Wednesday, April 18, 2007

But who's keeping points

Meet Kevin O’Brien, the Spa City resident who is ensuring New York's roads are kept safe by making sure the poor, impoverished insurance companies get the overpriced premiums that are due to them.

See, O’Brien, a director of Motor Carrier and Driver Safety Services at the state Department of Motor Vehicle in Albany, is helping to institute a national register of license points so that drivers in are held accountable in their home state for points they accrue in another. In his view, drivers committing violations in one state should be held every bit accountable for them in another state, thereby making traffic violations somewhat akin to misdemeanor and felony record, which freely cross borders.

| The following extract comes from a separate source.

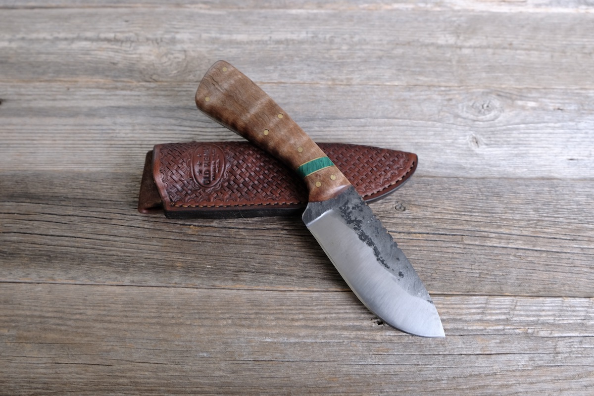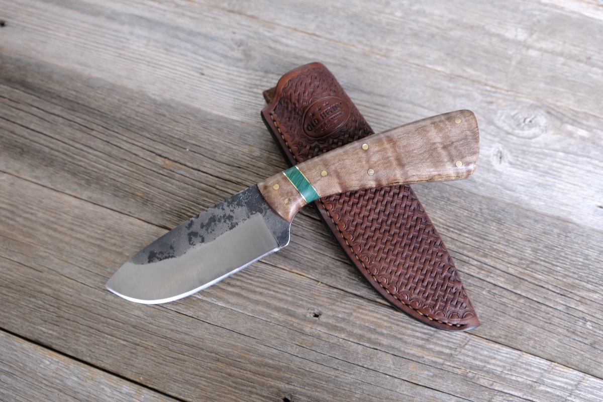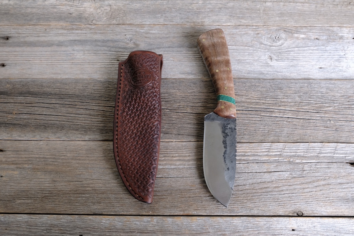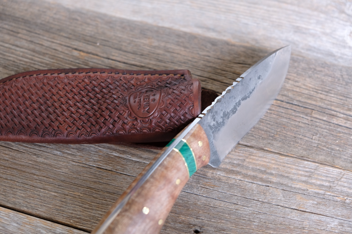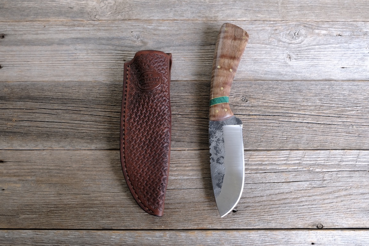 Hand-tooled, vertical pouch sheath made with Hermann Oak leather

What does this all mean? Well, prior to O’Brien’s meddling, a New York driver for instance, could get a speeding ticket in Alabama, pay the fine but escape having the points for the violation lodged in his or her permanent record. This driver, mind you, would still be every bit responsible for any applicable fines and would face a New York suspension for any failure to pay them. In truth, the only difference between committing violations –mind you not criminal offenses such as DWIs –out-of-state was that the points, a measure the insurance companies use to base premiums, would not carry over. Under O’Brien’s changes, the points garnered in one state will now transfer over to any other state.

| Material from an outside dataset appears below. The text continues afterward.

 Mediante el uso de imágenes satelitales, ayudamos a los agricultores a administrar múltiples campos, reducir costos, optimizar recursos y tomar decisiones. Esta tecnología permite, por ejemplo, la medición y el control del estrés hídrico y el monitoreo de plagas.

"When in Rome, do as the Romans do” he told the Times Union this week after being awarded a National Highway Traffic Safety Administration with public service awards this spring. “This creates one record that follows you wherever you go."

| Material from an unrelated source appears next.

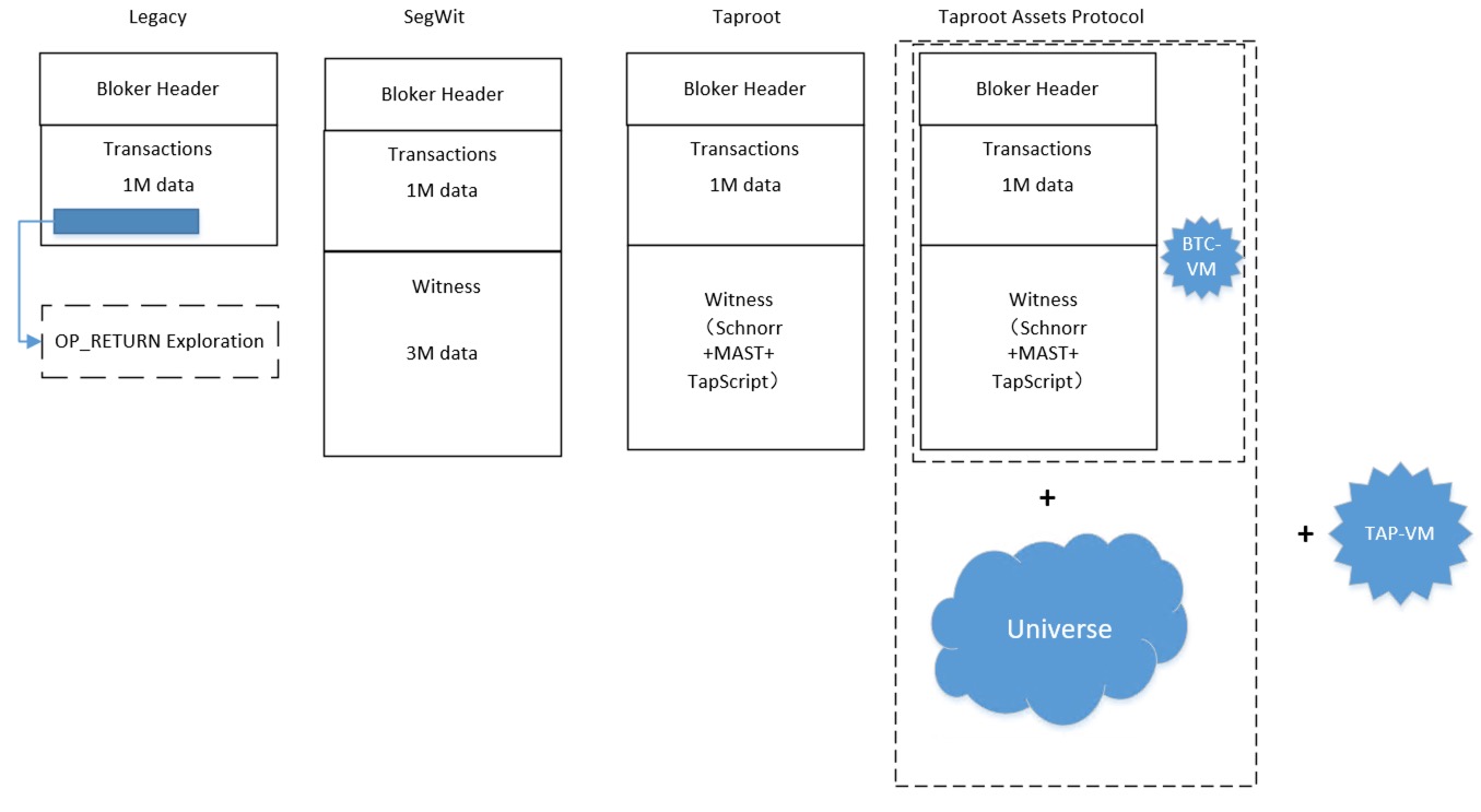 TaprootAssets 协议初始阶段是主要完成了比特币的扩容,通过 Univese 理论上把比特币可以使用的空间扩展到了无限。TAP 的 VM(Taproot Asset Script v1)也有了初步的模型,重要的是产生了一个隔离的,可以独立发展的 VM。在可以预见的发展后期,比特币都会在扩能方向上发展。

Yes, with Big Brother keeping an eye on everything from credit card purchases to the library books they barrow, people these days need one more stinking record to follow them across this vast continent. Of course, the insurance companies love this new initiative. This means they can finally cash in on all the bullshit tickets given out in the backwoods areas of America; in the far off distant places where it’s impossible to fight the charge in any other way other than by mailing in a certified check or money order with a plea of guilty.

Another problem is that every state has different driving laws, meaning they use different point standards. If they didn’t, then perhaps there would be a federal drivers’ license much like the passport. Obviously, this is not the case. So there will need to be some way to apply the legal standards of one state to the standards of another with O’Brien’s “when in Rome” initiative, something that will undoubtedly require the creation a new layer of bureaucracy at DMV dedicated to this mission, perhaps even a whole office.

Then again, maybe this is the type of thinking America needs in this post-9-11 world: more record keeping, more governmental bureaucracy and more traffic laws. And while we’re on the subject, let’s just erase all these pesky state boundaries. After all, is there any real difference between Alabama and New York? Then again, feel free to pose this question to O’Brien himself.